What does Amazon know about its users thanks to its “smart” language software Alexa and how does the company deal with the many recorded language files? As the computer magazine c’t reveals in its latest issue, the US company recorded sound files from a user’s bathroom and bedroom and sent them to a stranger. Amazon says it was a mistake.
c’t writes that a user has requested a self-assessment from Amazon in accordance with the new EU General Data Protection Regulation (GDPR). Two months after the request at the beginning of August, he received it in the form of a download link to a 100 MB zip file. However, the data set not only contained his tracked search history, but also around 1700 WAV files, i.e. voice recordings, and a PDF with transcripts, which Alexa apparently understood from these voice files. However, according to the user, he had no Alexa-enabled device at home.
Commands to shower thermostat and alarm clock recorded
The user received no reply to a message to Amazon that he had apparently received voice messages from a strange user. However, the download link for self-assessment stopped working a short time later. The user who had saved the data then contacted the editors at c’t. They managed to locate the Alexa user whose voice messages Amazon had sent to the unauthorized person.
For example, the software had recorded commands to the shower thermostat and alarm clock as well as timetable queries and with them places, first names and, in one case, a last name. The editors then contacted the person concerned. “He swallowed audibly when we told him which of his highly private data Amazon.de had passed on to a stranger,” writes the magazine.
c’t confronted Amazon with the case, but without mentioning that those affected had been identified and contacted.
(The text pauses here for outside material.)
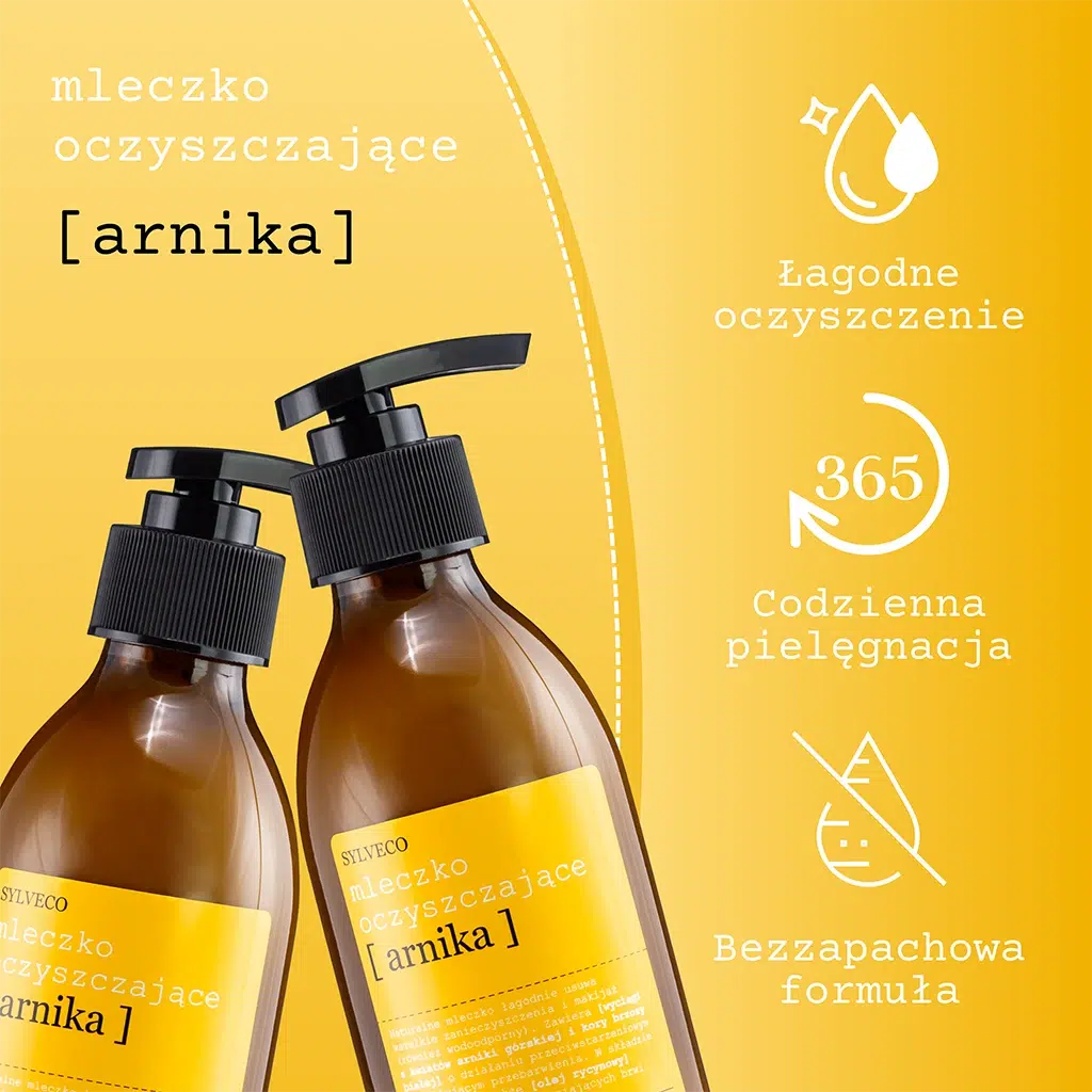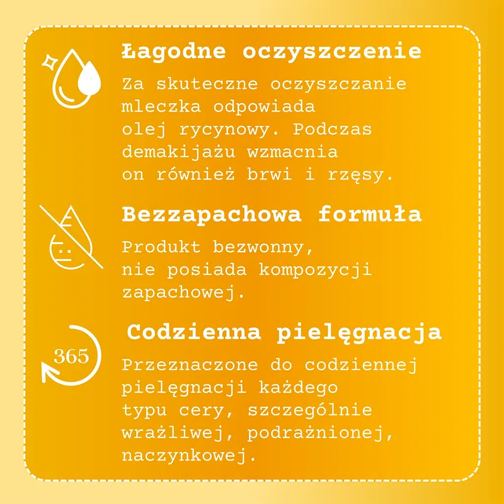 Naturalne mleczko łagodnie usuwa wszelkie zanieczyszczenia i makijaż (również wodoodporny). Zawiera [wyciągi z kwiatów arniki górskiej i kory brzozy białej] o działaniu przeciwstarzeniowym i redukującym przebarwienia. W składzie znajduje się także [olej rycynowy] o właściwościach wzmacniających brwi i rzęsy.
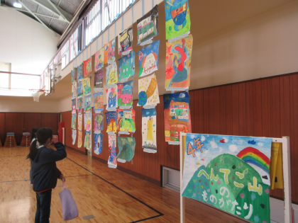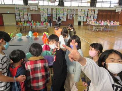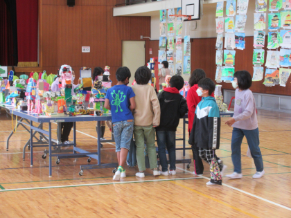 図工作品展最終日ということで、校長先生も改めてゆっくり鑑賞しようと体育館に行くと3年生も鑑賞していました。

The magazine wanted to know if Amazon had reported the glitch to those affected and to data protection authorities, as it should. Amazon did not respond to the questions, the company referred to a “human error” and claimed to have resolved the problem with both customers. We are in the process of improving the relevant processes. Both of those affected received a call from Amazon employees three days after the c’t request: The glitch happened because both had made a GDPR query at about the same time.
Amazon stores data to train its AI
In fact, Amazon explains in its data protection FAQ that the voice recordings are not deleted promptly, but are stored in order to continuously improve Amazon’s artificial intelligence. However, the customer can review the recordings and delete them individually or all at once. However, the question is who knows and uses this option at amazon.de/alexaprivacy.
In addition, the question remains whether this data breach was actually a one-off and whether the data protection authorities are now taking sanctions against Amazon. Because companies are legally obliged to report data breaches to a supervisory authority within 72 hours. If these requirements are violated, the data protection authorities can impose a fine. According to the rules of the GDPR, it can amount to up to four percent of the company’s annual turnover. With annual sales of $177.9 billion in 2017, that would probably be billions.